Selain arquebus sebagai senapan burung, istilah folangji dalam konteks ini juga mengacu pada senjata Portugis berupa meriam.
Kuasa Portugis atas Makau dalam Catatan Sejarah Tiongkok
Pada tahun 1554, upaya diplomatis folangji dengan Cina terus berlanjut. Portugis berupaya keras menggurat lembar baru dalam sejarah Tiongkok.
Leonel de Sousa membuat perjanjian dengan pejabat Guangzhou untuk melegalkan perdagangan Portugis, dengan syarat membayar bea cukai tertentu. Perjanjian ini berbuntut pada pengakuan Makau sebagai gudang resmi Portugis pada tahun 1557.
Leonel de Sousa menjadi Kapten-Mayor kedua Makau pada tahun 1558 (setara dengan Gubernur Makau yang kemudian). Makau adalah salah satu dari 4 wilayah administrasi Tiongkok.
Portugis membayar sewa tahunan untuk mengelola wilayah Makau yang saat itu berada di bawah kedaulatan Tiongkok. Namun, pada 1887, Portugal memperoleh hak koloni secara permanen atas Makau yang tertuang dalam Traktat Tiongkok-Portugal di Peking.
Makau tetap berada di bawah kekuasaan Portugis hingga tahun 1999, ketika kedaulatan Makau diserahkan oleh Portugis kepada Tiongkok.
Dokumen sejarah Tiongkok mengklaim bahwa Portugis melakukan suap untuk membuat pejabat lokal yang korup di Guangzhou menandatangani perjanjian itu secara pribadi. Legitimasi klaim tersebut telah diperdebatkan dalam studi akademik hari ini.

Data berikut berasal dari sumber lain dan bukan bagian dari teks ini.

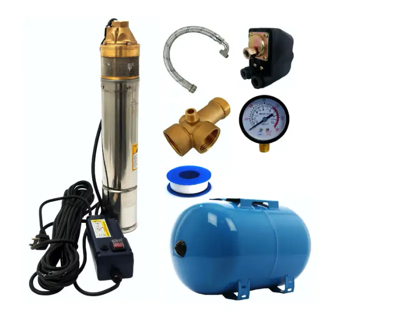 Kit hidrofor COBI SMART® cu vas de 50 litri si pompa submersibila model 4SKM-100, cu putere de 0.75 KW, este solutia ideala pentru alimentarea cu apa in gospodarii si gradini. Pompa poate asigura o inaltime de refulare de 70 metri si un debit de 2.7 metri cubi pe ora.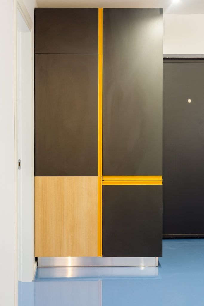 Cromatic, amenajarea este una vesela si colorata, cu o baza neutra, formata din alb cu gri-antracit si potentata de accente galbene si insertii de lemn aplicate pe fronturile corpurilor de mobilier. Astfel, in living, s-a optat pentru o canapea galbena, in contrast cu pardoseala albastra din rasina epoxidica (aplicata cu ajutorul echipei de la Epoxy Studio).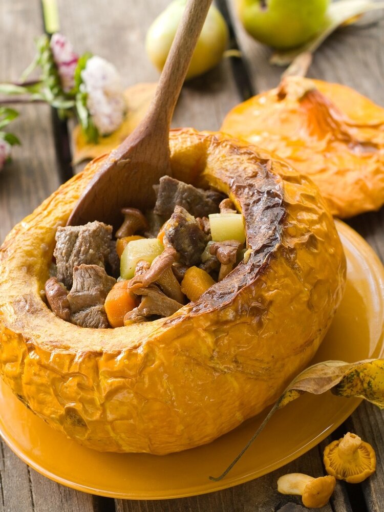 Подготовленную тыкву немного посолить, начинить мясной смесью, добавить те же щепотки соли и перца, затем полить сметаной. Закрываем крышкой и плотно оборачиваем в фольгу.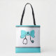Stethoscope Bow Teal & White Tote Bag Detta feminina stetoskop och buskdesign är perfektens gåva till vilken hälsohjälte som helst i ditt liv. Sältvit med svarta accenter och personlig med en inledande påse, och den här väskan är tillräckligt rumslig för att rymma alla förnödenheter som en upptagen professionell av hälso- och sjukvården kan behöva. Sjuksköterskeskola student, doktor, sjuksköterska, EMT, sjukvårdare, medicinska student, sjuksköterska, hemvårdspersonal, sjuksköterska eller någon annan i medicinska fält.

Selanjutnya, Makau menjadi daerah administratif khusus yang mempertahankan sistem pemerintahan dan ekonomi yang terpisah dari Tiongkok. Makau bertahan di bawah prinsip "satu negara, dua sistem" hingga 50 tahun ke depan.
Dalam catatan sejarah Tiongkok, Makau akan terikat dengan prinsip itu terhitung dari tahun 1999 hingga 50 tahun ke depan, berdasarkan perjanjian "Join declaration of Macau" hingga tahun 2049.
Berkat kuasa Portugis atas Makau selama hampir lebih 400 tahun lamanya, banyak percampuran budaya Portugis-Tiongkok. Arsitektur Portugis dan Kanton dimasukkan ke dalam Daftar Warisan Dunia oleh UNESCO pada tahun 2005.